## DATASET RECORDS
■ ■ ■ ■ ■

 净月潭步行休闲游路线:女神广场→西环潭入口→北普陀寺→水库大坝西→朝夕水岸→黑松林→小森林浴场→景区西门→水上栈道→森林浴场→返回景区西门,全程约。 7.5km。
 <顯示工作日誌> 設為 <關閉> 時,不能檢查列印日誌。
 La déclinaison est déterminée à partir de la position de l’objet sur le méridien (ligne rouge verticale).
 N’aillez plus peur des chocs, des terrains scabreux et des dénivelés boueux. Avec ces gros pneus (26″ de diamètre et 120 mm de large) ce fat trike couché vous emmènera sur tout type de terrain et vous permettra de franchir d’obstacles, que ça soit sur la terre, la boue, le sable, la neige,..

■ ■ ■ ■ ■

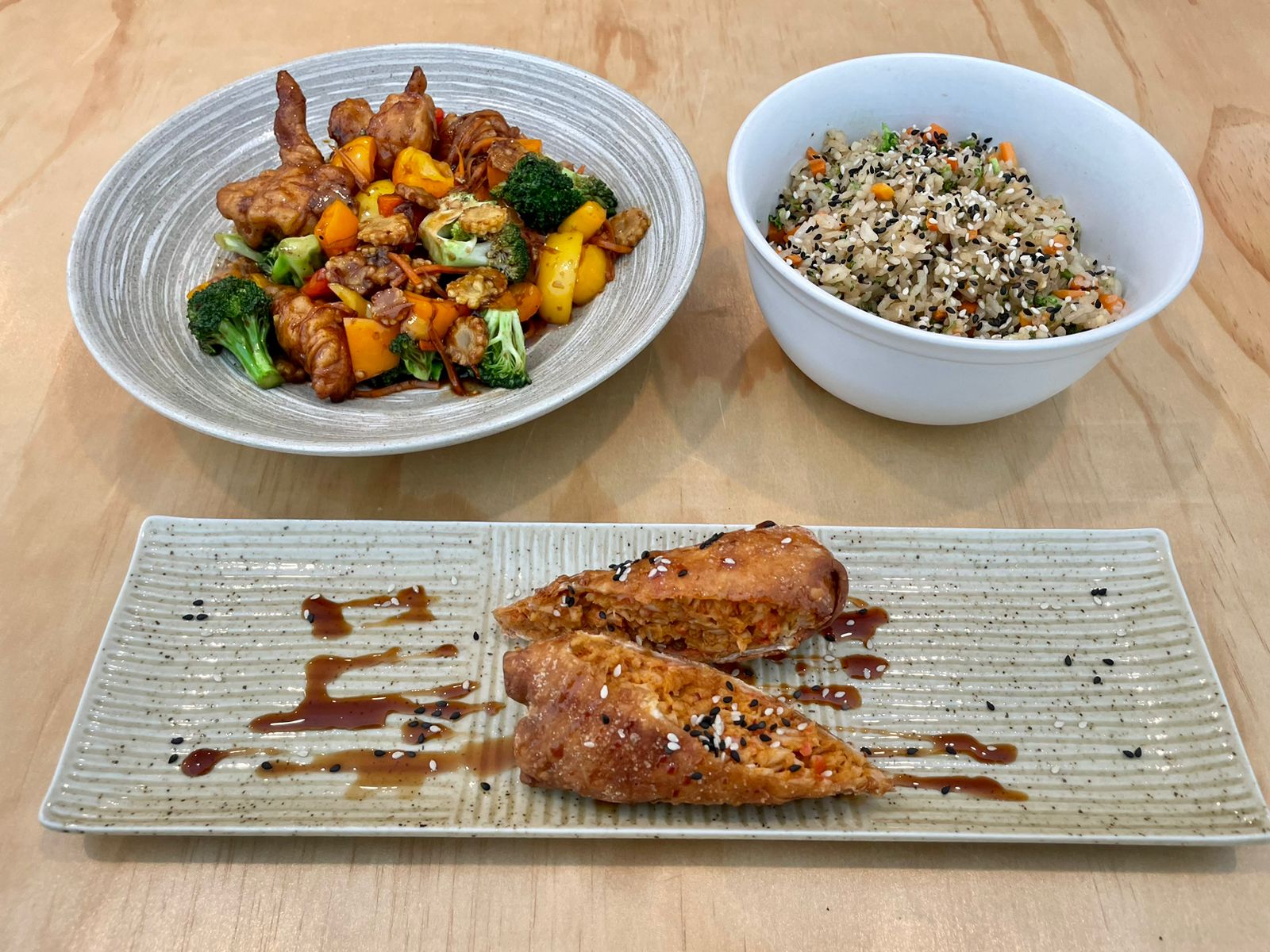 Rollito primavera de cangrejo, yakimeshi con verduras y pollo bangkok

■ ■ ■ ■ ■

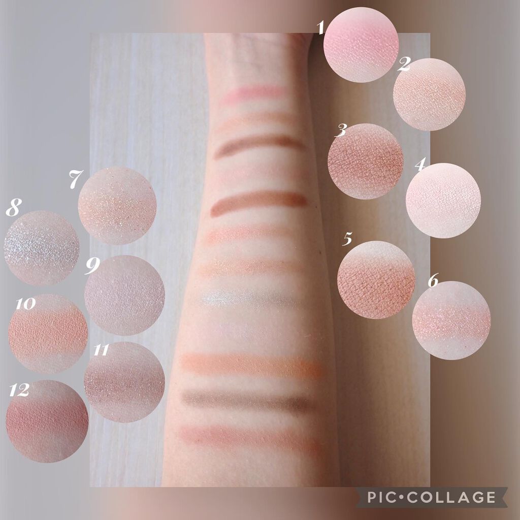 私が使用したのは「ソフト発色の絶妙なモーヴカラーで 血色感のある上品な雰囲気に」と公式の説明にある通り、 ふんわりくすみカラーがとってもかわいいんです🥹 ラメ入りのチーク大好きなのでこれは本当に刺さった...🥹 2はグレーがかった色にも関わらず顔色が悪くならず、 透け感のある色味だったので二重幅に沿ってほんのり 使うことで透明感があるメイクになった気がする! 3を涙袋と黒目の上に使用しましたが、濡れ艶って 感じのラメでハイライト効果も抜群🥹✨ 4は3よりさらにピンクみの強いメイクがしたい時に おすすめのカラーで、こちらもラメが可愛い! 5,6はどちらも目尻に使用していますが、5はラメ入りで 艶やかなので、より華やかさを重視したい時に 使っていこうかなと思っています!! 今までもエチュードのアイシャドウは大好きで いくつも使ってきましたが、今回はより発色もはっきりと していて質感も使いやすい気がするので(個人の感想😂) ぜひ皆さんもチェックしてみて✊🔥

■ ■ ■ ■ ■

## YOUR OBJECTIVE
Keeping every character as it is, restate the lines above that run from the line with "净月潭步行休闲游路线:女神广" through the line with "La déclinaison est", both included, and nothing else.

## EXPECTED OUTPUT
 净月潭步行休闲游路线:女神广场→西环潭入口→北普陀寺→水库大坝西→朝夕水岸→黑松林→小森林浴场→景区西门→水上栈道→森林浴场→返回景区西门,全程约。 7.5km。
 <顯示工作日誌> 設為 <關閉> 時,不能檢查列印日誌。
 La déclinaison est déterminée à partir de la position de l’objet sur le méridien (ligne rouge verticale).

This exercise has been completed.